赤いコードが散って、クマのHPゲージが6分の1削られる。
俺のレベルが低くて攻撃力も低下しているのが分かる。
それでも、攻撃を受けなければ戦える。
俺は道中の敵を切り抜け、ようやくススキ高原に辿り着いた。
ススキが辺り一面に広がる金色の景色は、二回目でもそこそこ美しく見えた。
中央に大木があり、俺はそこに向かった。
白いローブの人物が、木の影からすっと現れた。
顔は見えなくても、同じ服装、背丈と雰囲気から、シロだと分かった。
「シロ!」
「‥誰?」
「イチだよ!京都の会議で会った」
「‥‥」
スッとローブの下からロットが現れ、俺の前に突きつけられた。
俺は硬直し、考え‥‥我に返った。
そうだ‥‥
そうだった
俺はこの世界線‥‥京都でロードした《ロード線》では、シロに会ってない。
そもそも、会議に出ていない。
パニックになって、竹の小道を引き返し、そのあとヒイラギに襲われて、ツクモに助けられたんだ。
まずはシロの警戒を解かなければならない。
だが、セーブとロードの話を信じてもらえる気がしない。ヒイラギがあんな反応をしたのだ。

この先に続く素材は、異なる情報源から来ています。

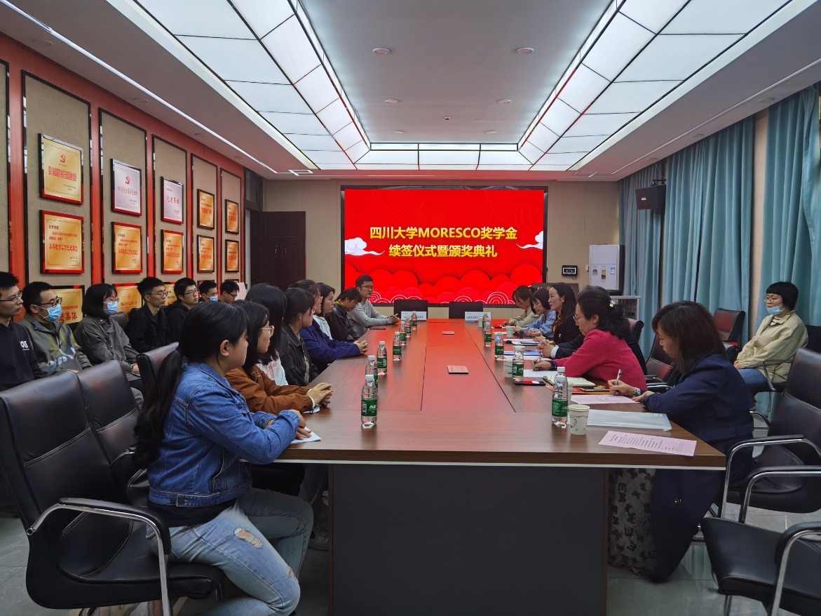 学子的期许,勉励获奖同学要以兴趣来驱动学习和科研,以后用所学知识回报国家、社会和家人。随后,刘英进先生和贾秀娥老师续签了为期四年的MORESCO奖学金捐赠协议,贾秀娥老师为刘英进先生颁发了捐赠证书。
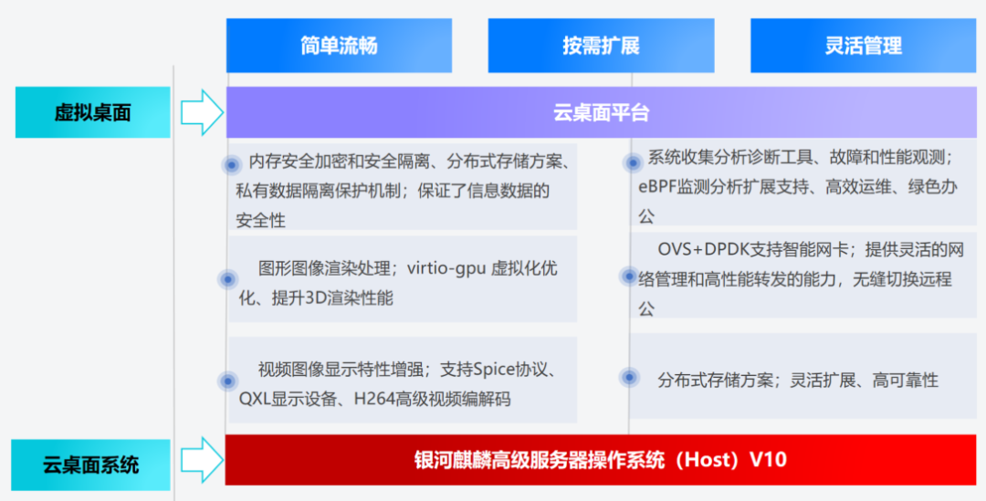 在传统IT架构下,桌面终端的集中管理、统一运维、数据安防存在局限性。云桌面伴随着信息化时代的网络质量和数据高速增长而快速发展,在保障业务连续性、兼容性、数据安全、移动办公、资源利旧方面优势明显,也是云类厂商提供常见的应用方案之一。银河麒麟高级服务器操作系统(Host)V10采用图形图像渲染处理等云桌面技术,针对virtio-GPU显卡进行虚拟化优化,精简渲染命令处理过程中冗余函数调用,缩短各渲染命令的处理时间,大幅提升3D渲染性能。
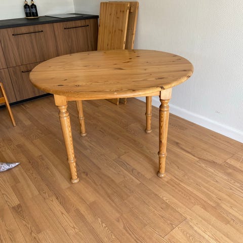 Vintage spisebordssæt med rundt/ovalt spisebord og 4 stole. Købt i 1998. Brugt, men solidt og har mange gode år i sig endnu.
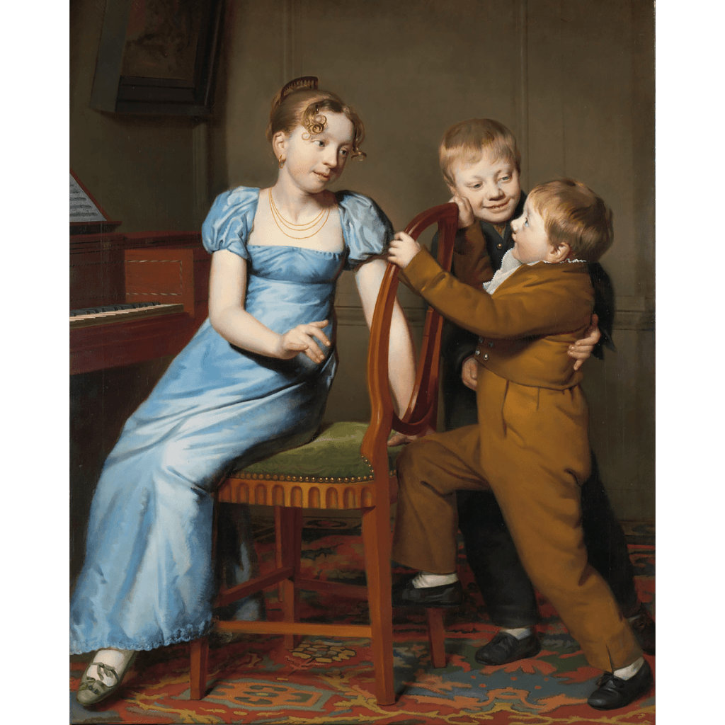 The Frisian painter Willem Bartel van der Kooi was a master at depicting children. The children in this painting are portrayed so playfully and naturally that the work resembles a snapshot. However, appearances are deceiving, for Van der Kooij carefully arranged the children to form a triangular composition. It is not known whether the painting is a portrait or an imaginary scene.
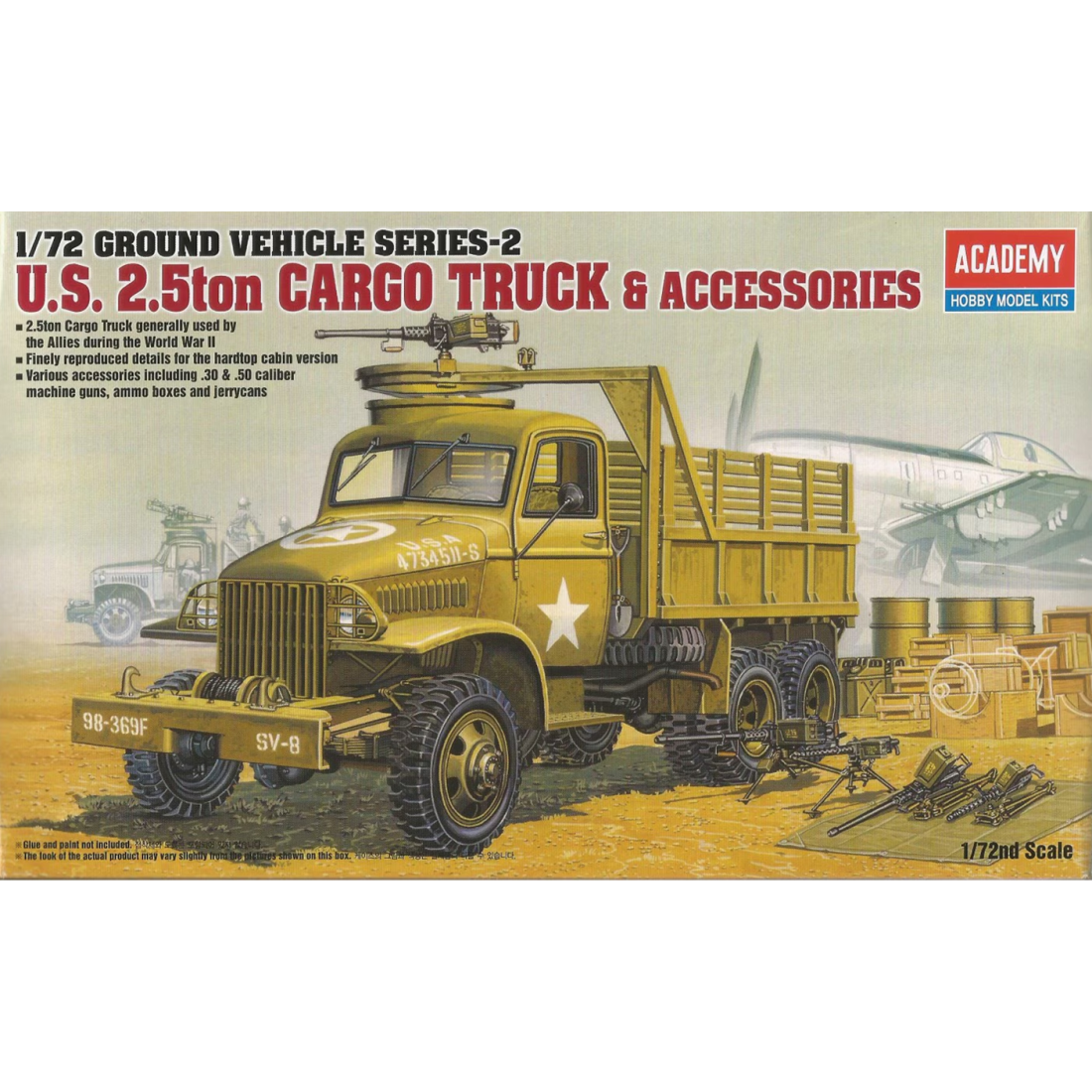 Dieser Bausatz im Maßstab 1:72 zeigt den klassischen U.S. Cargo Truck mit einer Vielzahl von Zubehörteilen, ideal für Versorgungs- und Logistikdioramen des U.S. Army im Zweiten Weltkrieg.
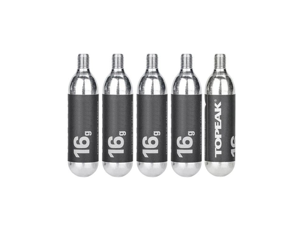 16 g CO₂-Gewindekartuschen (5er Set). Für Topeak Hybrid Rockets, AirBooster und Micro AirBooster, Airbooster Race Pod X, Ninja CO2+, Ninja CO2. Optimal geeignet für 29″ Bereifung.

新規の俺が異世界に戸惑い、困惑しているのだと思うに違いない。
それに、この重要な能力を他人に気軽に話すのは良くない気がした。
これは直感に過ぎないが。
実際、ツクモにもユメの能力は、他言しないように言われた。
どうする?
時間は分からないけれど、ここにいたら、多分同じようにシロのマニュアルの能力を求めたデバッガーが襲って来るはずだ。
いや、待て。
どうしてピンポイントで、男達はここへ来たんだ?シロとツクモの約束を知っていたのか?
どうして知っていたんだ?
ツクモは電話をしていた。
もしかして、電話を盗み聞いたとか?
いやでも、はじまりの街のセーブは、ツクモが電話をする前だ。
つまり、電話をかけてない。
それなら‥‥このロード線では‥男達は襲ってこないのか?それとも、ほかに情報が漏れていたのか、偶然か?
「あのさ、ツクモから電話ってあった?」
「‥電話?」
「俺、ツクモとフレンドなんだ。初心者で」
俺はハッと思いつき、メニューを開いてシロの方に見せた。
「ほら!ツクモとフレンドで」
「ふっ」
フードから覗く口元が小さく釣り上がり、笑う形を作る。
「え、なんで笑うんだ?本当だよ」
「はいはい。初心者なのは本当みたいだね。他人が覗き見れる訳がない。ここにいるのは犯罪者紛いの奴らばっかなんだから。盗み見られて、情報漏れまくりになるよ」
「‥‥そうなんだ、よかった」
俺は胸を撫で下ろす。
結果的に初心者であることを説明できた。
だが、シロは俺に近づき、ワンドの先で喉に触れた。
シロはフードを脱ぐ。
白いショートカットの柔らかそうな髪と、桃色のピアスが揺れた。
冷酷に俺を睨みつける。
「それで、どうやってここまで来たの?誰が後ろに付いているの?ツクモは二時間ログアウトしているし、敵が強すぎて、初心者じゃここまで辿り着けない。手引きをしている奴がいる。ツクモの名前を利用しろと脅された。そうだよね?」
「違う!誰もいない!」
俺が両手を出し、首を振ってハッキリ訴えると、シロは眉間に皺を寄せた。
否定しても、俺は疑いを晴らす方法が無い。
どうする?
流石に殺されはしないと思うけど‥‥
否。
俺が、敵の手引きをしていたなら、殺す理由に十分なる。
このままじゃまた、俺はシロに殺されてしまうかもしれない。
その時、世界が止まった。
セーブとロードと同じような、灰色の世界。
目の前に、選択肢が現れた。
《ユメの能力を話す》
話す 話さない
ゾッとした。
俺が何度もギャルゲームで見て来たものだ。
選択肢。
この選び方で、最終的にエンディングが決まる。
ここで《話さない》を選んだら、《バッドエンド》確実だろ。
いやでも。
ツクモに能力のことは誰にも話すなと言われた。
実際、セーブとロードの能力は貴重だ。狙われたり、悪用されたりしたら、取り返しがつかない。
シロに話して、秘密が広がってしまうかもしれない。
しかも、ここでセーブとロードの話をしても、理解をしては貰えないに決まっている。
俺だって詳しく説明できない。
ツクモは俺よりずっとこの世界に詳しい。
ツクモの言うことには、従っていた方が良い気がする。
俺自身、話さない方が良さそう、という直観もある。
この選択肢の意図は分からないが、俺は考えた末に、手を伸ばして《話さない》を選択した。